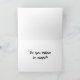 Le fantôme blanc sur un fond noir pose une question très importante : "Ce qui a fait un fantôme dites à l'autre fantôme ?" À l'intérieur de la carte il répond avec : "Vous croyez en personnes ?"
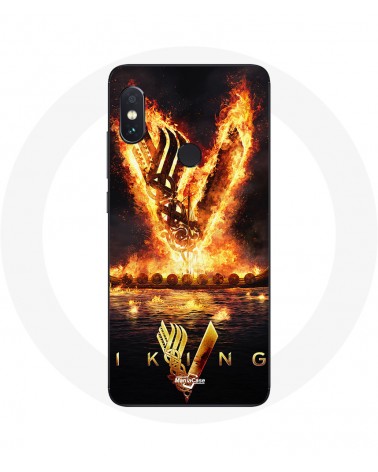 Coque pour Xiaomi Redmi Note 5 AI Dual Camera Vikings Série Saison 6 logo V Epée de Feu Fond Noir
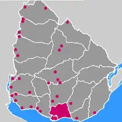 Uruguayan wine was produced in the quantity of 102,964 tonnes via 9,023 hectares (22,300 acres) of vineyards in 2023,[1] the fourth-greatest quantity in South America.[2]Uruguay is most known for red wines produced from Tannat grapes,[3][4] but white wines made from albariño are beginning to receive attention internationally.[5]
=-=-=
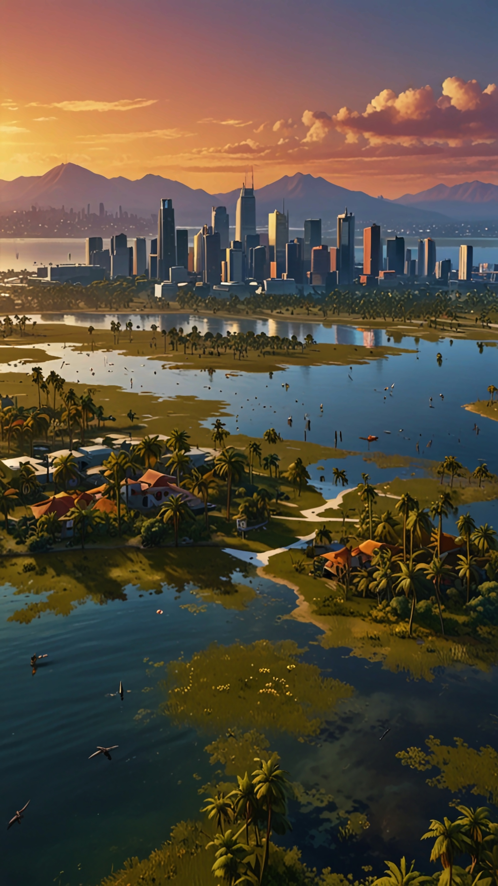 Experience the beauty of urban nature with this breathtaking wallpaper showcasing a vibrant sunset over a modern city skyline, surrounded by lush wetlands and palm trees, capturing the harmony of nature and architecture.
=-=-=
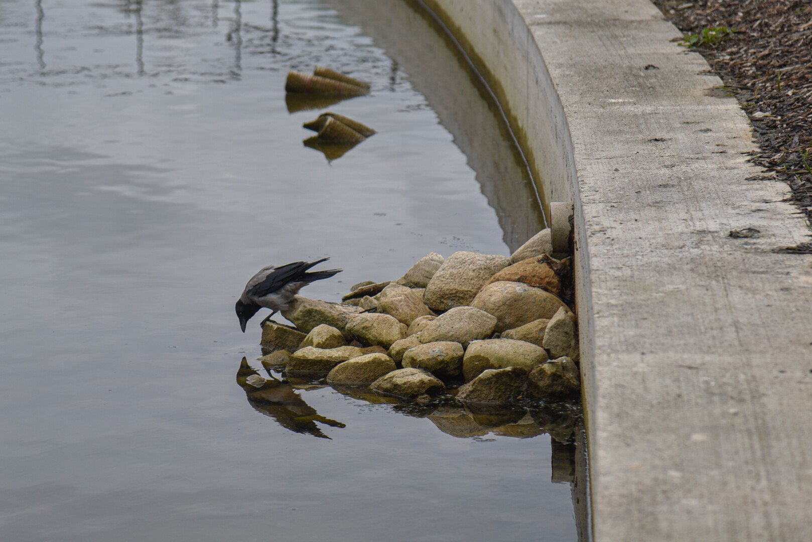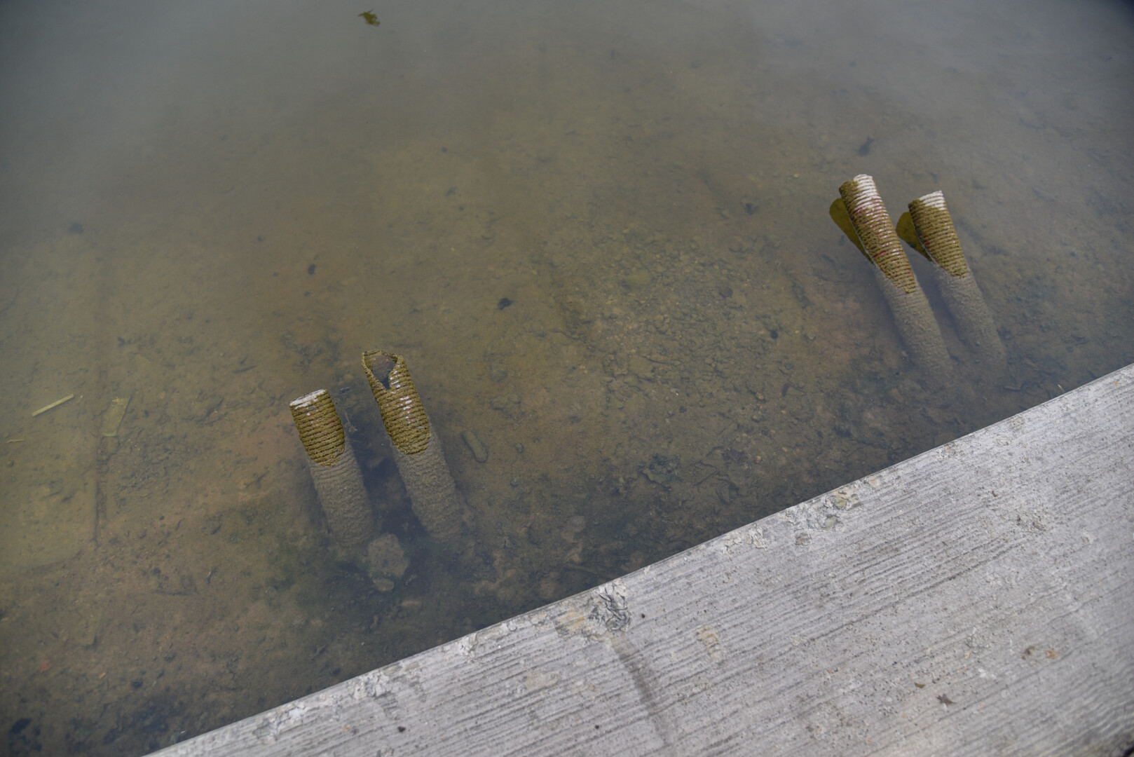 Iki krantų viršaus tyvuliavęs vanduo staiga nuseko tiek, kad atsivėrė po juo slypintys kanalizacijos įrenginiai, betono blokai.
=-=-=
EXERCISE REQUIREMENTS
Look above for the line with "Coque pour Xiaomi" and the line with "Uruguayan wine was". Give again exactly those two lines and all lines between them, pictures excluded.

TASK RESULT
 Coque pour Xiaomi Redmi Note 5 AI Dual Camera Vikings Série Saison 6 logo V Epée de Feu Fond Noir
 Uruguayan wine was produced in the quantity of 102,964 tonnes via 9,023 hectares (22,300 acres) of vineyards in 2023,[1] the fourth-greatest quantity in South America.[2]Uruguay is most known for red wines produced from Tannat grapes,[3][4] but white wines made from albariño are beginning to receive attention internationally.[5]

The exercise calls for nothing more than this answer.